*Dataset entries*

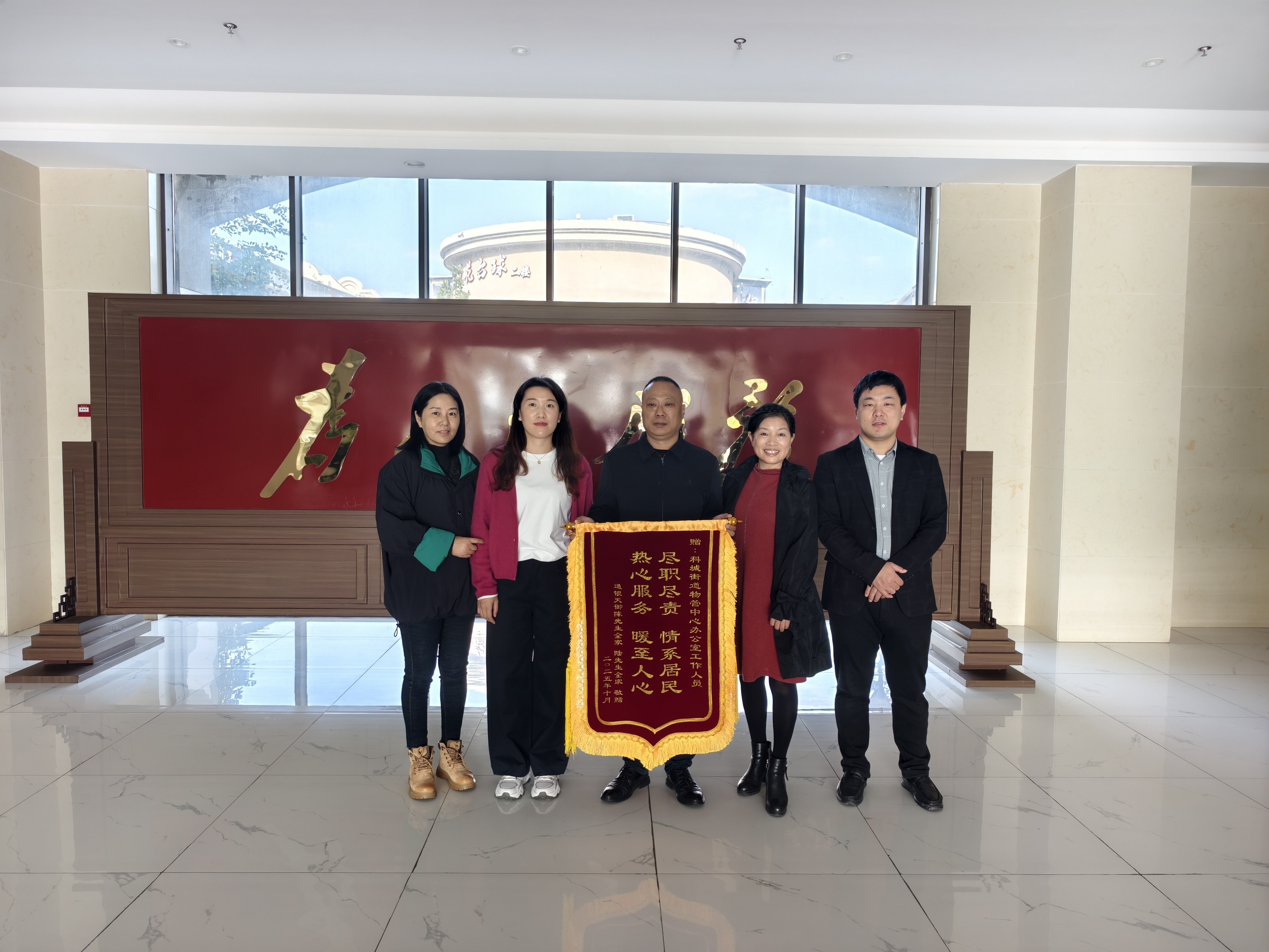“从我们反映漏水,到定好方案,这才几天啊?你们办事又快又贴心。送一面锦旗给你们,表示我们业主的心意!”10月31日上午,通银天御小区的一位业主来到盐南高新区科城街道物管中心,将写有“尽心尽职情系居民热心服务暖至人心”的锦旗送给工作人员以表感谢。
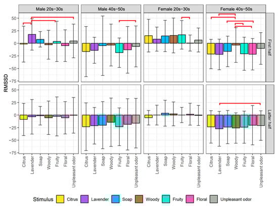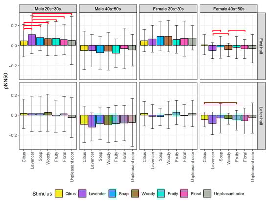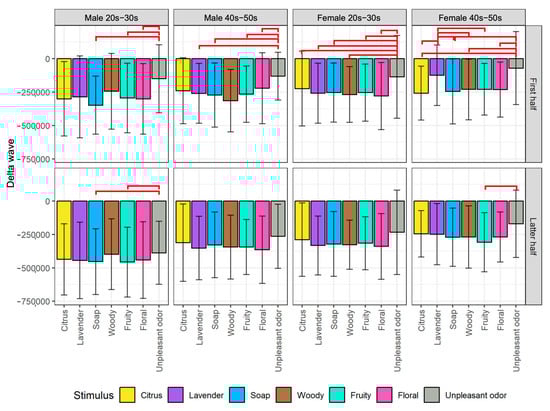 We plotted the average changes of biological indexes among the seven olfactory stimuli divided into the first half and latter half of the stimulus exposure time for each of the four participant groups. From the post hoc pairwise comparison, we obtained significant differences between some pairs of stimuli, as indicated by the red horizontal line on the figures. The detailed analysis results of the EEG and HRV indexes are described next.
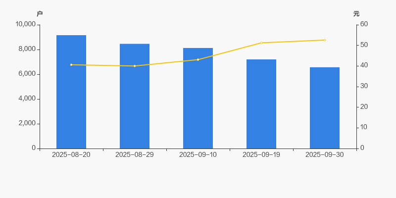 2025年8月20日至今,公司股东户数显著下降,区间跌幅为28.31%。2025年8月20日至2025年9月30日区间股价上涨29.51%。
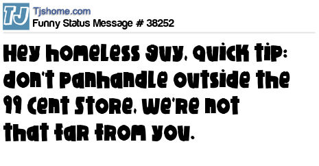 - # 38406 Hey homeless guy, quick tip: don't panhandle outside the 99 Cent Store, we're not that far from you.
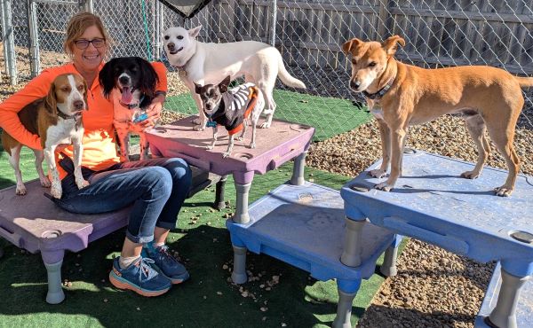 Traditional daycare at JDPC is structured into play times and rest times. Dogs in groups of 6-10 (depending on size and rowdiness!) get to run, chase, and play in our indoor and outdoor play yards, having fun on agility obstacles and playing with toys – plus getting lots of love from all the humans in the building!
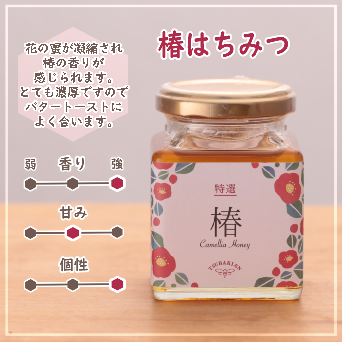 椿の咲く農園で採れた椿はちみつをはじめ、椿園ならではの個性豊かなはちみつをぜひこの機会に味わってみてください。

*Your objective*
Each entry should be transcribed exactly as given, with pictures omitted.

*Result*
“从我们反映漏水,到定好方案,这才几天啊?你们办事又快又贴心。送一面锦旗给你们,表示我们业主的心意!”10月31日上午,通银天御小区的一位业主来到盐南高新区科城街道物管中心,将写有“尽心尽职情系居民热心服务暖至人心”的锦旗送给工作人员以表感谢。
 We plotted the average changes of biological indexes among the seven olfactory stimuli divided into the first half and latter half of the stimulus exposure time for each of the four participant groups. From the post hoc pairwise comparison, we obtained significant differences between some pairs of stimuli, as indicated by the red horizontal line on the figures. The detailed analysis results of the EEG and HRV indexes are described next.
 2025年8月20日至今,公司股东户数显著下降,区间跌幅为28.31%。2025年8月20日至2025年9月30日区间股价上涨29.51%。
 - # 38406 Hey homeless guy, quick tip: don't panhandle outside the 99 Cent Store, we're not that far from you.
 Traditional daycare at JDPC is structured into play times and rest times. Dogs in groups of 6-10 (depending on size and rowdiness!) get to run, chase, and play in our indoor and outdoor play yards, having fun on agility obstacles and playing with toys – plus getting lots of love from all the humans in the building!
 椿の咲く農園で採れた椿はちみつをはじめ、椿園ならではの個性豊かなはちみつをぜひこの機会に味わってみてください。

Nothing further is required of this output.